Once defined, a global variable can be used anywhere, just as a defined
procedure can be used anywhere.  (In fact, defining a procedure creates a
variable whose value is the procedure.  Just as {\tt pi} is the name of a
variable whose value is 3.141592654, {\tt last} is the name of a variable
whose value is a primitive procedure.  We'll come back to this
point in Chapter~\lambchop.)  When the name of a global variable
appears in an expression, the corresponding value must be substituted, just
as actual argument values are substituted for formal parameters.

When a little person is hired to carry out a compound procedure, his or her
first step is to substitute actual argument values for formal parameters in
the body.  The same little person substitutes values for global variable
names also.  (What if there is a global variable whose name happens to be
used as a formal parameter in this procedure?  Scheme's rule is that the
formal parameter takes precedence, but even though Scheme knows what to do,
conflicts like this make your program harder to read.)

How does this little person know what values to substitute for global
variable names?  What makes a variable ``global'' in the little-people model
is that {\it every\/} little person knows its value.  You can imagine that
there's a big chalkboard, with all the global definitions written on it, that
all the little people can see.
\justidx{chalkboard model}
\justidx{model, chalkboard}
If you prefer, you could imagine that whenever a global variable is defined,
the {\tt define} specialist climbs up a huge ladder, picks up a megaphone,
and yells something like ``Now hear this!  {\tt Pi} is 3.141592654!''

The association of a formal parameter (a name) with an actual argument (a
value) is called a {\it \bkidx{local}{variable}.}

It's awkward to have to say ``Harry associates the value 7 with the name
{\tt foo}'' all the time.  Most of the time we just say ``{\tt foo} has the
value 7,'' paying no attention to whether this association is in some
particular little person's head or if everybody knows it.

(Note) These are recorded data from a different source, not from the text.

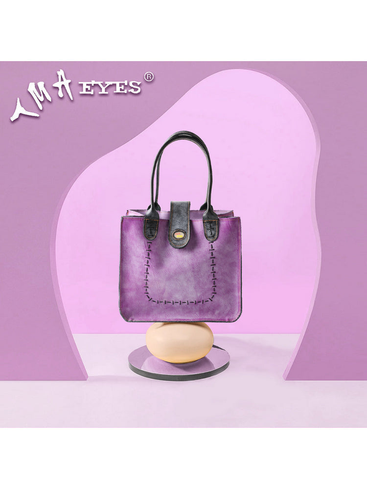 TMA EYES New Handcrafted Color-Blocked Genuine Leather Tote Bag: Perfect for School, Work, and Commuting
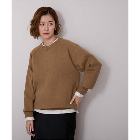 大人カジュアルスタイルにぴったりなスウェット見えするニットトップス。
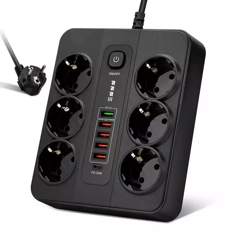 Мережевий фільтр BKL-11 1 PD20W + 1QC3.0 + 4 USB, 100-250V, 10А, 6 розеток, чорний
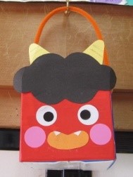また、お母さんと一緒に紙で作った豆を「おにはそと~」と投げて節分の雰囲気をあじわいました。
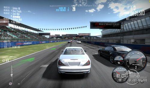群车竞技的场面也很阔大,玩家的视界被延伸到了整个赛场,你有一种坐在观众厅中,隔着“玻璃”,居高临下的俯视整个赛车场的感觉!

\subhd{The Truth about Substitution}

We said earlier in a footnote that Scheme doesn't actually do all the
copying and substituting we've been talking about.  What actually happens is
\justidx{substitution}
more like our model of global variables, in which there is a chalkboard
somewhere that associates names with values---except that instead of making
a new copy of every expression with values substituted for names, Scheme
works with the original expression and looks up the value for each
name at the moment when that value is needed.  To make local variables work,
there are several chalkboards:\ a global one and one for each little person.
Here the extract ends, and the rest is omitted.